Amanda Pritchard, NHS England chief operating officer, said that they wanted people who needed to use A&E to do so in ‘as much as possible a planned booking way [so] that we’re avoiding overcrowding’.

She added: ‘However, it’s worth saying that we’re not at the moment envisaging that the 111-first model would be the only way you get to A&E.’  

The number of people visiting A&E departments dropped sharply in the early months of the pandemic.

NHS England figures show that the number of people going to A&E in April was 57 per cent lower than the year before, and the lowest on record. 

May was only 42 per cent lower than the year before, showing that attendees are creeping up again.

Emergency medicine doctors have said that they will not be able to see the same number of A&E patients as they did before while Covid-19 remains a problem. 

It would be impossible to enforce social distancing when there are people waiting for care on trolleys in corridors – as has been the case at the busiest of times. 

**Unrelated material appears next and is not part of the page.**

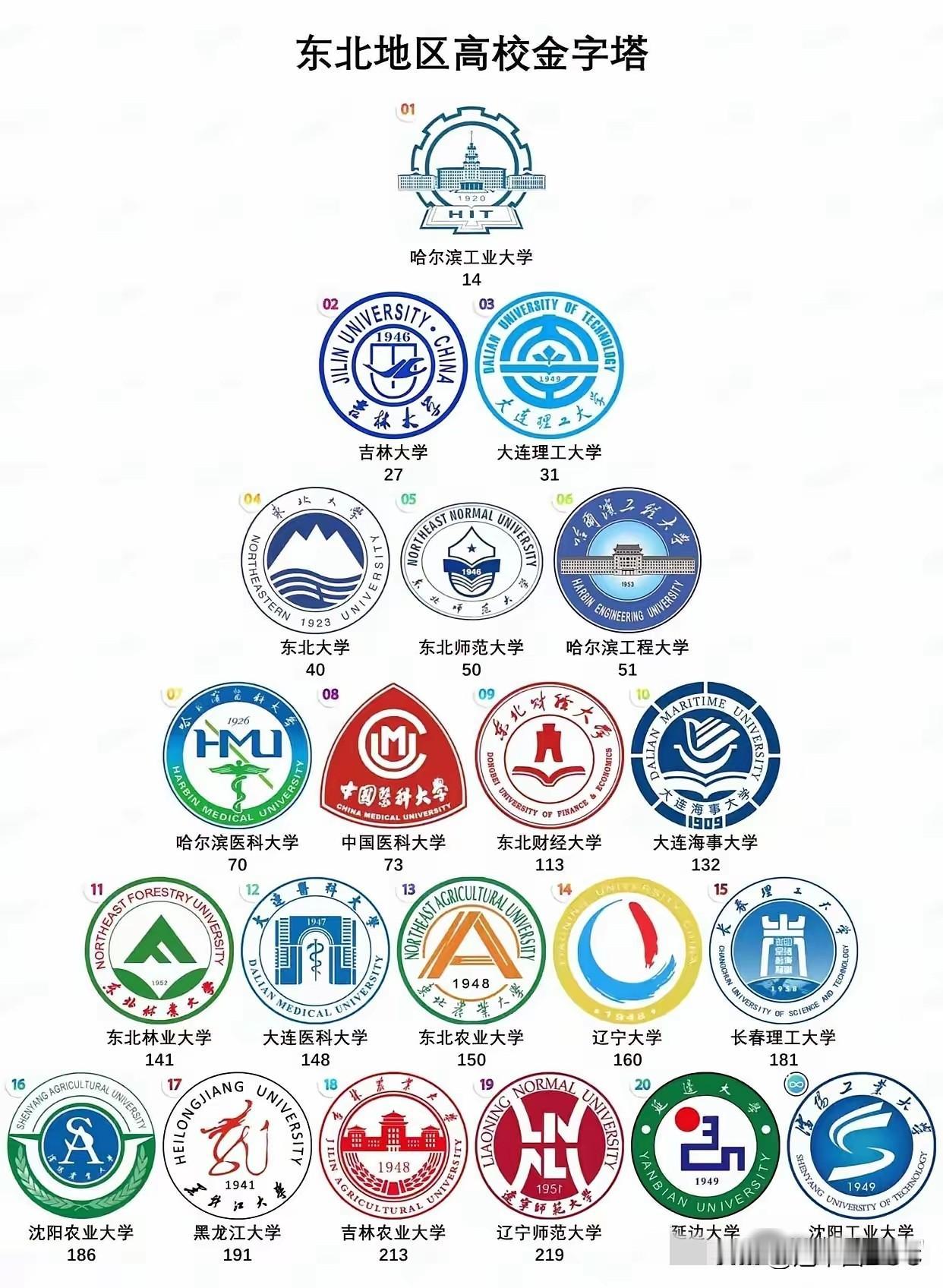 最近聊到东北,总有人吐槽经济不行,可一看当地的高校排行榜,那真是“瘦死的骆驼比马大”——高等教育这块,东北可一点没掉链子!网上流传的那张“东北地区高校金字塔”图,就特别直观:顶尖的哈尔滨工业大学稳坐塔尖,接着是吉林大学、大连理工大学,一层层排下来,像个金字塔似的,越往上学校越少,但实力越硬。 哈工大不用说,老牌名校,军工背景强,国内国际都响当当的。吉大和大连理工也都是985、211,科研、教学扎实得很。往下数,东北大学也是985、211、东北师范大学这些,也都在各自领域有头有脸。整体看,东北的好大学真不少,覆盖工科、理科、文科,虽然经济增速放缓,可教育底子几十年攒下来,不是随便就能被比下去的。 最让人意外的是延边大学!在金字塔里,它排到220名开外,按理说不太起眼,可人家偏偏是211高校。更“恐怖”的是,它居然培养出了浙大校长 马琰铭院士这样的校友——这可不是吹的,一个边疆地区的大学,能走出顶尖高校的掌门人和院士,说明啥?说明东北的大学藏着“扫地僧”,实力不能光看排名数字。 说到底,东北经济面临挑战,但高等教育这块招牌依旧闪亮。这些大学不光在本地有影响力,还为国家输送了大批人才。像延边大学的例子,就证明了很多学校可能名气不响,但底蕴深、后劲足。所以,别光盯着GDP数据,东北的大学,牛着呢!它们就像老工业基地里的“隐形引擎”,默默支撑着未来的希望。要是哪天经济回暖,这些高校的潜力爆发出来,那才叫真的“恐怖如斯”。
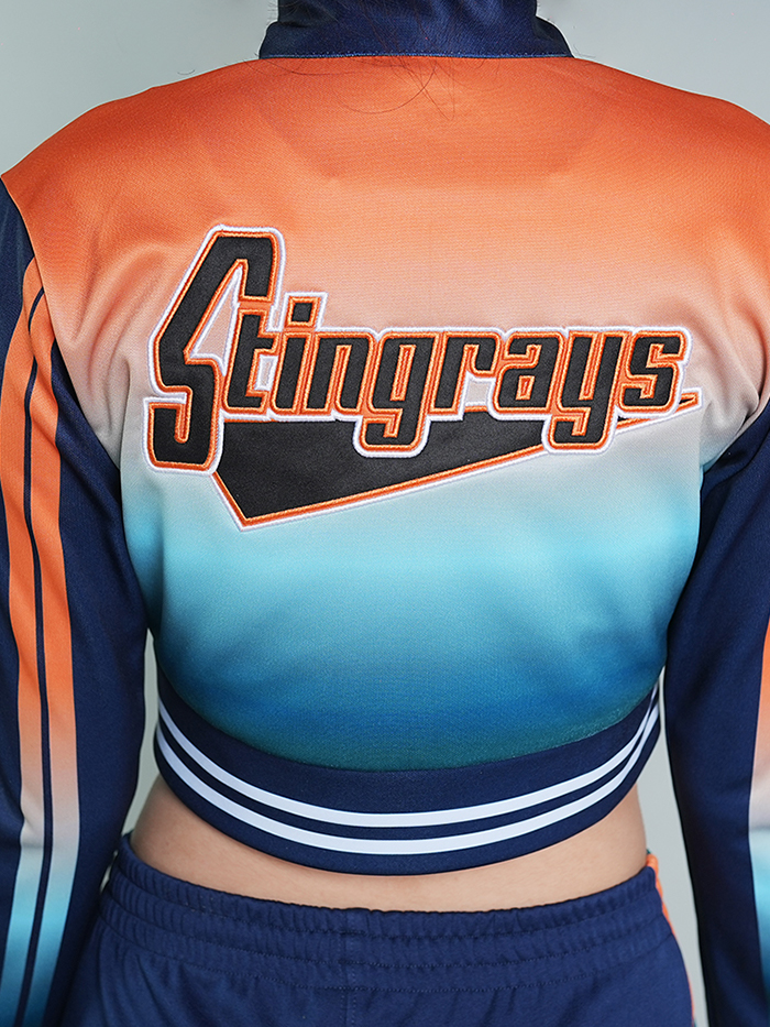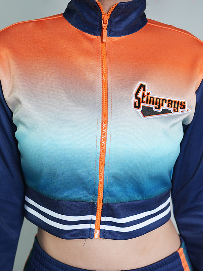 Make a bold sideline statement with the WU025 Warm-Up Suit — where modern fashion meets cheer performance. This stylish two-piece set features a cropped zip-up jacket with a striking ombré fade from orange to teal, complete with sporty striped cuffs and waistband. The pants complement the look with coordinating side stripes and a comfortable, tapered fit.

Katherine Henderson, president of the Royal College of Emergency Medicine, called for an appointment system on June 16.

She told the House of Commons Health and Social Care Select Committee: ‘We need to think about booking into urgent treatment centres, and maybe even emergency departments for particular time slots for somebody who does need to go to the emergency room, say they need an X-ray of a potentially broken limb.’ 

MPs were told that appointments in A&E departments could become a permanent measure to prevent overcrowding following the pandemic.

Dr Henderson said NHS 111, which has seen an increased input from clinicians during the pandemic, could be used as an initial contact point.

She said that patients could then be offered booked appointments into urgent treatment centres and ‘hot clinics’, where those with known health problems could be directed to a specialist.

‘We are absolutely dedicated to still being the safety net for patients, but the problem beforehand was that we’d become the safety net for the system,’ Dr Henderson said.

‘We were becoming very, very crowded, and we had people in corridors. And the idea that you could have a vulnerable 80-year-old with a hip fracture in a corridor next to someone else who could have Covid is just impossible.

‘So, we cannot let that happen and we need to find a way of making it possible for people to get the care they need where they need it, which doesn’t always require necessarily going to the emergency department.

She said this would need to be carefully considered before being implemented so that it did not exacerbate health inequalities.

During the committee session, which focused on delivering NHS and care services during the pandemic and beyond, the huge backlog of NHS operations was also discussed.

The 2million routine operations cancelled because of the coronavirus pandemic may take up to five years to clear, according to the UK’s top surgeon.

Professor Derek Alderson, president of the Royal College of Surgeons, said it was ‘completely unrealistic’ to think elective surgery will be back up and running anywhere near capacity this year. 

Professor Alderson said the only solution was for the NHS to renew its contract with private hospitals to create ‘Covid light’ zones.

He told MPs: ‘I think that dealing with the backlog is not something that’s achievable simply in weeks, you know, we stopped for 12 weeks so we can catch up in 12 weeks – I mean, that to my mind, is completely unrealistic.

‘This is certainly many months, it may take us a few years to catch up.

‘We really do need a programme recovery of surgery and the sustainability of surgery that probably looks at four or five years in order to have a resilient system and take things forward in the best possible way.’ 

Sir Stevens revealing yesterday that two newly-built Nightingale hospitals will be converted into cancer testing centres to clear a huge backlog of potential cancer patients. 

He revealed the 200-bed Exeter Nightingale site will start screening multiple patients a day starting from Monday.

The hospital, originally built for Covid patients in the event intensive care wards were overwhelmed, will be open seven days a week, from 8am to 8pm.

Leading charities estimating 2.5million cancer patients have missed out on vital tests and treatment this year because of the coronavirus crisis.